Camp 7 Sleeping Bags

I always get a kick reading really old hiking and backpacking magazines and seeing the print advertisements that gear manufacturers used to run. I’ve pulled some of them together in this post to give you a look at the gear that manufacturers were trying to sell people nearly 40 years ago, from 1973-1975. I’m sure you’ll recognize many of the company names including Sierra Designs, Recreational Equipment Inc, Mountain Safety Research, Kelty, Marmot and The North Face.

Camp 7 – too bad that company disappeared. The first sleeping bag I ever bought was made by them and it lasted 15 years. I love that image!

If any of these ads appeal to you, leave a comment naming your favorite one.

Sierra Designs 6-sided Tent

MSR Stoves and Tents

Kelty Pack REI Down Sweater

Sherpa - Tubbs SnowshoeThe North Face Sleeping Bag

Optimus Butane StoveGerry External Frame Pack

Jansport Sleeping Bags
Coughlans Waterproof Matches
Marmot sleeping bags
Fabiano Hiking Boots

37 comments

  1. Bet it still works – I want to try that Optimus Mousetrap. Sounds neat!

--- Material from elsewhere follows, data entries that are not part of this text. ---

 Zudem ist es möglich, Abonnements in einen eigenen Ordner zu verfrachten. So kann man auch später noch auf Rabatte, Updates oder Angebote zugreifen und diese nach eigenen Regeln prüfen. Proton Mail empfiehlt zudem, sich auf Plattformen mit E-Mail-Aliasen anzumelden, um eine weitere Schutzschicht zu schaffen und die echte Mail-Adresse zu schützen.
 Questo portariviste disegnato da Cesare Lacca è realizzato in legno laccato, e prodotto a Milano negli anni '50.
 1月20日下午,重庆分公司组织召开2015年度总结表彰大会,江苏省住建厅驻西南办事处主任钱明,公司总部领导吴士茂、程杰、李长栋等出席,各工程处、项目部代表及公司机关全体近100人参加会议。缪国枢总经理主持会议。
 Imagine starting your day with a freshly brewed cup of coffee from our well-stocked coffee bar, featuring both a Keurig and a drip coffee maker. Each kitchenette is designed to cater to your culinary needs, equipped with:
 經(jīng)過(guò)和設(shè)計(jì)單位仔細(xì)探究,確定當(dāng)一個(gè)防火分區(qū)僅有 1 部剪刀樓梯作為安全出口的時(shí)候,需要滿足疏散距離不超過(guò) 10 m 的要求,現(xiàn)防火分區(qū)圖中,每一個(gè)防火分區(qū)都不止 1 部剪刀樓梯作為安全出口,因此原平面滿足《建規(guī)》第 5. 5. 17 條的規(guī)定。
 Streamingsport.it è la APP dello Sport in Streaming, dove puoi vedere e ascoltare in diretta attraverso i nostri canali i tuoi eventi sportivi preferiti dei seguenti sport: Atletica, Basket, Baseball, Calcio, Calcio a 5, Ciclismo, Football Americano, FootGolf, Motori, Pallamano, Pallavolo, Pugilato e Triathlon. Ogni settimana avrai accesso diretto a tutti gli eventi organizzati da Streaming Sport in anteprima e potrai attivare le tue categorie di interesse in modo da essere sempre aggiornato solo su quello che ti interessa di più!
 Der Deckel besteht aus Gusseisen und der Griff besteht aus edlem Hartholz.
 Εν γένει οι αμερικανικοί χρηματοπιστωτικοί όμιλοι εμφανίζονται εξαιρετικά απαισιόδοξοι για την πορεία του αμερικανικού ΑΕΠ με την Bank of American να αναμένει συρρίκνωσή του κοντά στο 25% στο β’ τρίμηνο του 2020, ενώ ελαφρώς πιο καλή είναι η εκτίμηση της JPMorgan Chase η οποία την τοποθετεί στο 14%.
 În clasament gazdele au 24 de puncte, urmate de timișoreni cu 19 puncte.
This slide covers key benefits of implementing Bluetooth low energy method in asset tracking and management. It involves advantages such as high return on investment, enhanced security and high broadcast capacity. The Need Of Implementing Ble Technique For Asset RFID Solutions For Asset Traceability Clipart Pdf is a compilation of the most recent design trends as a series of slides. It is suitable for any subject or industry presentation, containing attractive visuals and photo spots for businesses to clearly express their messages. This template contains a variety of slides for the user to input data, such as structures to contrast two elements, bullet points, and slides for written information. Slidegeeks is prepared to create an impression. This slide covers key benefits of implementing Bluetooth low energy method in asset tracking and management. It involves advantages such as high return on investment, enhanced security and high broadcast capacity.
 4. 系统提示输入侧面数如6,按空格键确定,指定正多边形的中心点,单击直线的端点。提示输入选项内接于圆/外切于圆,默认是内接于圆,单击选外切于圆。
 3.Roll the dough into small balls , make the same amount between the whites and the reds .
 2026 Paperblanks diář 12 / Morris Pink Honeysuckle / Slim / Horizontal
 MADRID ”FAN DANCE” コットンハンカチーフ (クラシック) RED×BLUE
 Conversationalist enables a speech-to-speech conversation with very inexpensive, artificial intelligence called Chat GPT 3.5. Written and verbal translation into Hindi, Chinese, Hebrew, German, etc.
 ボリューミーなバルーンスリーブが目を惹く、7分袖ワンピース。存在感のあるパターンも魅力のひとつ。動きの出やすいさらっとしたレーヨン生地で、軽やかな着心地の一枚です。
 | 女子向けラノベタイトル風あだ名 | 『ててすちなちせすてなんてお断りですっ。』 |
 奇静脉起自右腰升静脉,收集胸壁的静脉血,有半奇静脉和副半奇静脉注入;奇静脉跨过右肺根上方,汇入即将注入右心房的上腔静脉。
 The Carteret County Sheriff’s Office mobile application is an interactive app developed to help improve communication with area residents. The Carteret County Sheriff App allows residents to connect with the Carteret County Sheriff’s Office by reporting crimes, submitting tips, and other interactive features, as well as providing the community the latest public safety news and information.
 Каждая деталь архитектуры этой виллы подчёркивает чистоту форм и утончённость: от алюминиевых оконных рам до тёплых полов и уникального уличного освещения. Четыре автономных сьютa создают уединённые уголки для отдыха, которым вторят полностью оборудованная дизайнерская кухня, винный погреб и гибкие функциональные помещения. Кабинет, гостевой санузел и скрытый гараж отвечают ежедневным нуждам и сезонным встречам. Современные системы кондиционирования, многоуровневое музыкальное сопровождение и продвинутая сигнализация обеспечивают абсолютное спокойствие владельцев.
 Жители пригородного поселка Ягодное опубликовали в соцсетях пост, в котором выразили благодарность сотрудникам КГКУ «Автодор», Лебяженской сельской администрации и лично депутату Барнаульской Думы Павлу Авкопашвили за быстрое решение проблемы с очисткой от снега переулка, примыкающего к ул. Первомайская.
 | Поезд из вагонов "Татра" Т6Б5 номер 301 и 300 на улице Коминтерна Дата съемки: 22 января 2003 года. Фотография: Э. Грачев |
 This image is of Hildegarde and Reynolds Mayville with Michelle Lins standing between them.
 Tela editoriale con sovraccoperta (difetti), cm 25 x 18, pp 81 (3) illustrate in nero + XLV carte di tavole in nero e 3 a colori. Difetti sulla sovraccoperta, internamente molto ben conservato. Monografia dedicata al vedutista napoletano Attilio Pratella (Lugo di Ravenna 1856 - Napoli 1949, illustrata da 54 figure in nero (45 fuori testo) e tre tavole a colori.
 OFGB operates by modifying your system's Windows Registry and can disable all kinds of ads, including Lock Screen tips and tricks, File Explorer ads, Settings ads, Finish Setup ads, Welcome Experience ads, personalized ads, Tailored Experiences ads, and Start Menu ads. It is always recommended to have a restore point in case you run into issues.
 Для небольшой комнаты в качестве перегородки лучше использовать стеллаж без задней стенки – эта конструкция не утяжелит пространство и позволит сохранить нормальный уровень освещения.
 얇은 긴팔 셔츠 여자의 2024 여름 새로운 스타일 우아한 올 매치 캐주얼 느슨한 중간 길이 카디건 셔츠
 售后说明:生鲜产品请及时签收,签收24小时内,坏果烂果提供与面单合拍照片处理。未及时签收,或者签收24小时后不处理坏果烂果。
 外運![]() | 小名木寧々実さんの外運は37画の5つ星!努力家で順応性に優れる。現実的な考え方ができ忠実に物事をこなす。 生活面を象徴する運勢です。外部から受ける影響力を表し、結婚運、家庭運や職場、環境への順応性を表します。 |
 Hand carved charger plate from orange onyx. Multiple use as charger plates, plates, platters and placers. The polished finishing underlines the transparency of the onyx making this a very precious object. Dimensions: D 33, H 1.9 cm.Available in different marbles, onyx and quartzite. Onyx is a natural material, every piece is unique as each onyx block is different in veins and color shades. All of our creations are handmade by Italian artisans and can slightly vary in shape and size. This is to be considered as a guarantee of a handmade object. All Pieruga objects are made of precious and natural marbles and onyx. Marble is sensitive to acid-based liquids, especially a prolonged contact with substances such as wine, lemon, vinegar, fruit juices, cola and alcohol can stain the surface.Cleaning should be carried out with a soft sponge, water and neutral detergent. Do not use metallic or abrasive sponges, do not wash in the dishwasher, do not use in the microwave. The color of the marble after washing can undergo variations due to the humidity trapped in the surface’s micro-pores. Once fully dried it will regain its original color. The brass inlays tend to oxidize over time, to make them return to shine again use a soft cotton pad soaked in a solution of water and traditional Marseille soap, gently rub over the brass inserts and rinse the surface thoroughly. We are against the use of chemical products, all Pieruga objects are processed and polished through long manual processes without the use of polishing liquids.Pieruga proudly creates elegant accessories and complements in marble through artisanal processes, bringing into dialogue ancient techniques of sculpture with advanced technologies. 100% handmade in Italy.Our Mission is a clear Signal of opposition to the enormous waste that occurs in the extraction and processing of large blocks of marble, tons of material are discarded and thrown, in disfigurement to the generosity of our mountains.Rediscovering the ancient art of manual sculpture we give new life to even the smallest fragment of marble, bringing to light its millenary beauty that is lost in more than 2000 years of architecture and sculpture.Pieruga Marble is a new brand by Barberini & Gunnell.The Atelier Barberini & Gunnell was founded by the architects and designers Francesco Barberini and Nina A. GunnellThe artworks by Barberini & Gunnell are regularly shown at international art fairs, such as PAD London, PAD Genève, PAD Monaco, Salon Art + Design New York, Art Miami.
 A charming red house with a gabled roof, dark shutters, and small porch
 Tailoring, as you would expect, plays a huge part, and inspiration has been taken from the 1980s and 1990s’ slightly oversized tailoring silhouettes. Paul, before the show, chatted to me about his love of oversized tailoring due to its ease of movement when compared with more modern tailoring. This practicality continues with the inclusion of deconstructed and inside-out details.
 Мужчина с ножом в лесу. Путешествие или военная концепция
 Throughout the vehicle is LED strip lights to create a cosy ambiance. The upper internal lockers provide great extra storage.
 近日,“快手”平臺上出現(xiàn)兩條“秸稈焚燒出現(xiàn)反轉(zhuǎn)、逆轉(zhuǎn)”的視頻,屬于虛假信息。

  2. I remember when my MSR stove arrived in 1977 — instruction sheet produced on a typewriter with hand-drawn illustrations. No fancy nylon bag for stove storage, just a heavy duty plastic bag.

    I also remember buying equipment at Moor and Mountain in Concord MA. They sold brands that EMS didn’t carry…

  3. Ralph’s is still there!

  4. I love to look at the 1960’s and 1970’s stuff. Happily collectors are saving it for the future. BTW I am now willing to sell my 1970’s-era MSR (orange-colored) ice axe.)

  5. If I remember most of these ads clearly, still have (and use) some of this gear, and have photos of myself with that quality and quantity of head hair….well, then, how old could these ads really be?

    • I’m right there with you Ted! Alas now I am a good advertisement for a hat and remembering to put sunscreen on your head :) I still have an old stove from that era. The rest has been retired but gave me many many years of good use.

  6. Thanks for an interesting perspective! If you get a kick out of how things used to be, you might enjoy browsing through Colin Fletcher’s “The Thousand Mile Summer” about his 1958 hike along the length of California. I picked this up through my library a few years back as I was first getting into lightweight backpacking and was delighted to see a photo spread in the middle of the book showing all the gear he brought with him. How things have changed – oh, those leather boots!

    Other indosyncrasies in the book that made me do a double take were his travels along the “Wetback Trail” (in SE California, I believe, and please pardon my language) and his reaction to meeting rattlesnakes – which was to decapitate them. Neither of these is really accepted practice today!

  7. That’s fun to see – especially since I still use my Camp 7 North Col that I picked up in ’72 and an Optimus 8R I bought a few years later. I may be wearing out, but my equipment isn’t!

  8. My brother bought a pair of Fabiano Madres in the 70s, which he said were great boots. I still remember the catalog description that said, after extolling their virtues on the trail, “at home in back yards and campuses alike.”

  9. Carefull guys. I still have and use my 123R regularly. It has been out a couple weeks so far this year. As far as beards go, they are handy at letting you know when it is time to slap the black flies. Apply deet liberally, it ain’t your skin. Pony tails are the same. In two weeks in bug season, I got 12 bites, less than one per day. Flanel shirts take forever to dry. Wool shirts over long john base layers worked better. Even at a 9 pound base weight, the SVEA, wool sweater and long johns still go with me.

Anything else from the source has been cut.